Michael Pollan’s Food Rules – A Review
This little book is an excellent beginner’s guide to food. If you’ve been overweight or on a diet for years, you’ve probably determined that there’s no instant cure for what you’ve been doing for years. What Pollan does is give you quick rules for eating that will take you as far, if not further, than many diets. Muffin tops and spare tires might look trendy, but they’re neither very attractive nor healthy. If you have them now in your 20s or 30s, it becomes even harder to lose them as you get older. So, no time to read this little book to get you started.
A curious journalist, Pollan has written several books on food, including In defense of food, The omnivore’s dilemma And Cooked. Try looking at one at a local library and around this time next year you might get a call telling you to pick it up or download it. This little book is perhaps the only thing that is available for free by this author and it is a good start.
Nutrition is a relatively new science. Food companies want you to be their guinea pigs and try their new foods that are bound to be “healthy” in one way or another. By focusing on one element, vitamin or nutrient at a time, they ignore other harmful ingredients and therefore perpetuate confusion and ill health. So the food companies and the medical community are making a fortune at your expense. The only certain thing is that by eating highly processed foods, you will most likely be obese, diabetic, and prone to heart disease and cancer. This is the result of the American diet.

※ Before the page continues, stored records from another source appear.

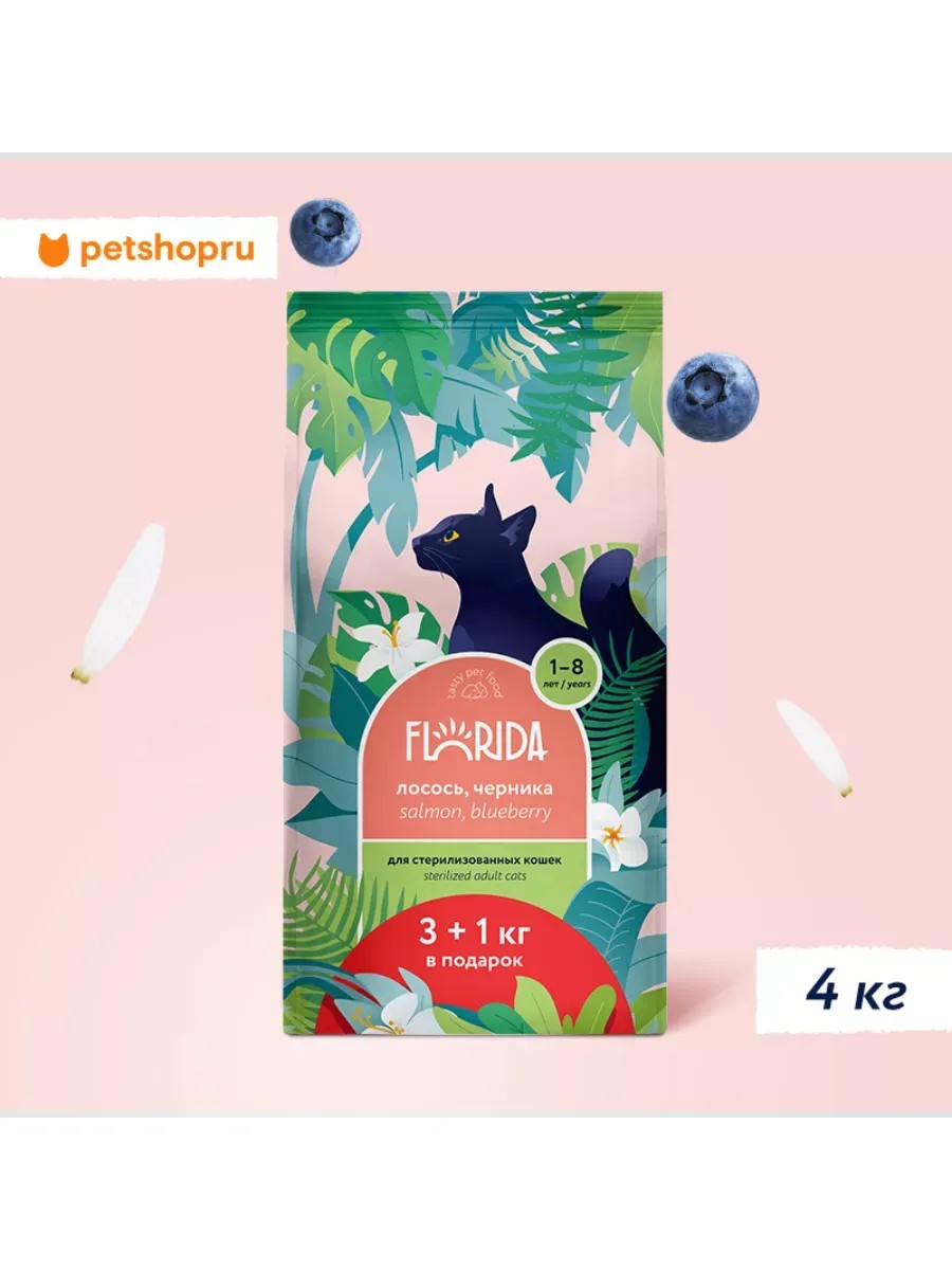 We recommend supplementing your pet's diet with Florida wet cat food in the following assortment: art. 86032090, art. 86029680, art. 86029020, art. 86030325, art. 86030780, art. 86035448. Florida Salmon & Blueberry is a super-premium dry food with salmon and blueberries for sterilized cats aged 1 to 8 years. Balanced complete nutrition cares for the skin and coat and promotes healthy digestion. Florida food contains only animal protein. Advantages of the food: natural antioxidants - berries, fruits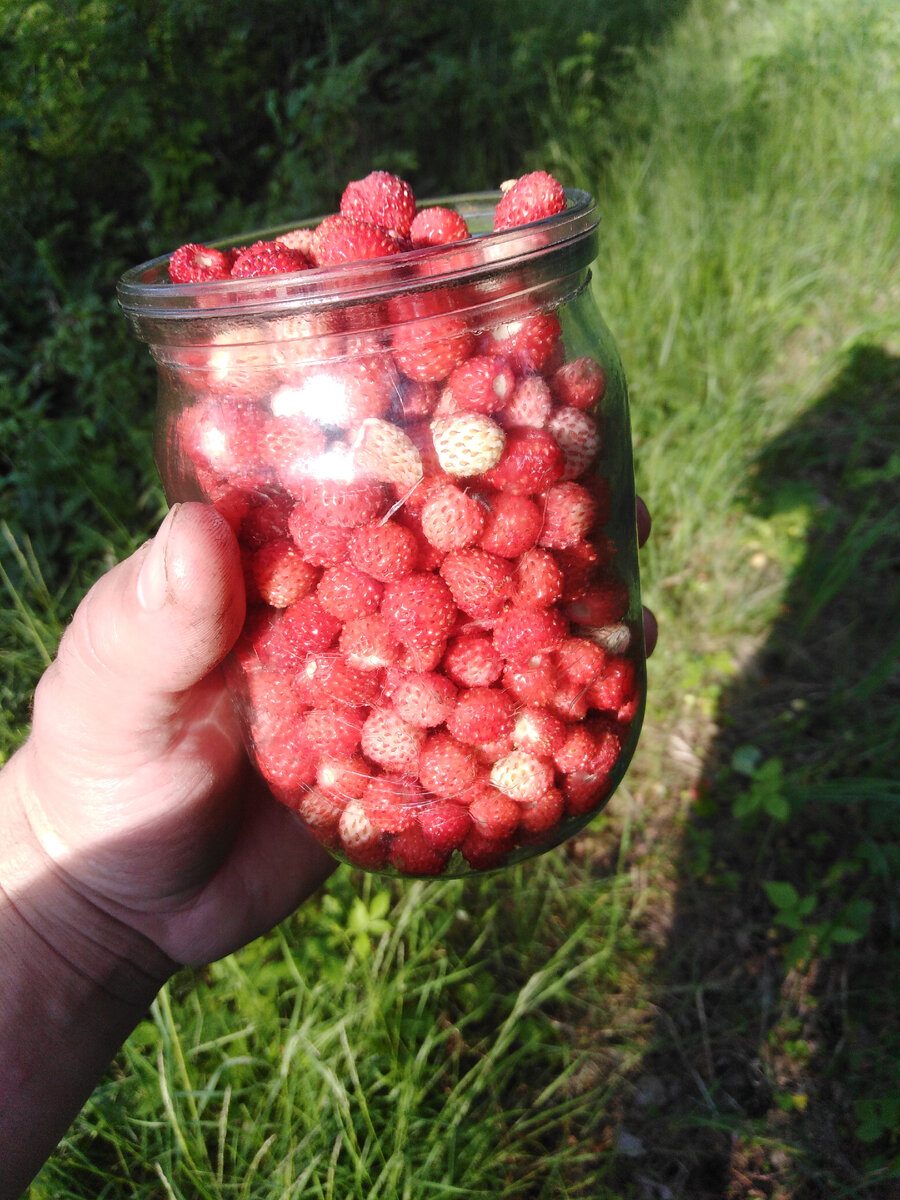 Решил сходить рядом с домом в лес, проверить есть ли в этом году какие нибудь ягоды. Буквально сразу стала попадаться зрелая земляника! Видимо ещё никто не собирал. На болоте тоже есть что собирать-зреет черника, но это в другой раз. Времени сегодня нет. В лесу очень мало влаги, грибной сезон возможно будет скуден. Около дома на валежнике нашёл вот такой гриб. Он съедобный, но так как один, экспериментировать не стал)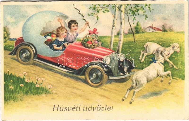 Húsvéti üdvözlet / Easter greeting art postcard with automobile, eggs ... https://www.darabanth.com/de/390-Fernauktion/390.0/Ansichtskarten/GruC39Fkarten-Feste~1500099/Husveti-udvozlet-Easter-greeting-art-postcard-with-automobile-eggs-and-sheep-Amag-3243~II2344173

Pollan sums it all up with “Eat food. Not too much. Mostly plants.” But he gives you 64 rules to guide you to that conclusion. One rule in particular that supports it is rule 12 “Buy the fringes of the supermarket and stay out of the middle”. It’s another way of saying to eat fresh fruits and vegetables, meat, fish and dairy products and avoid processed foods.
So before you go on a diet, write down what you’re currently eating, follow Pollan’s Rules, and see if it makes a difference. If you think eating healthy might cost a little more, it’s a lot less than what you’ll be paying the medical community if you don’t change anything.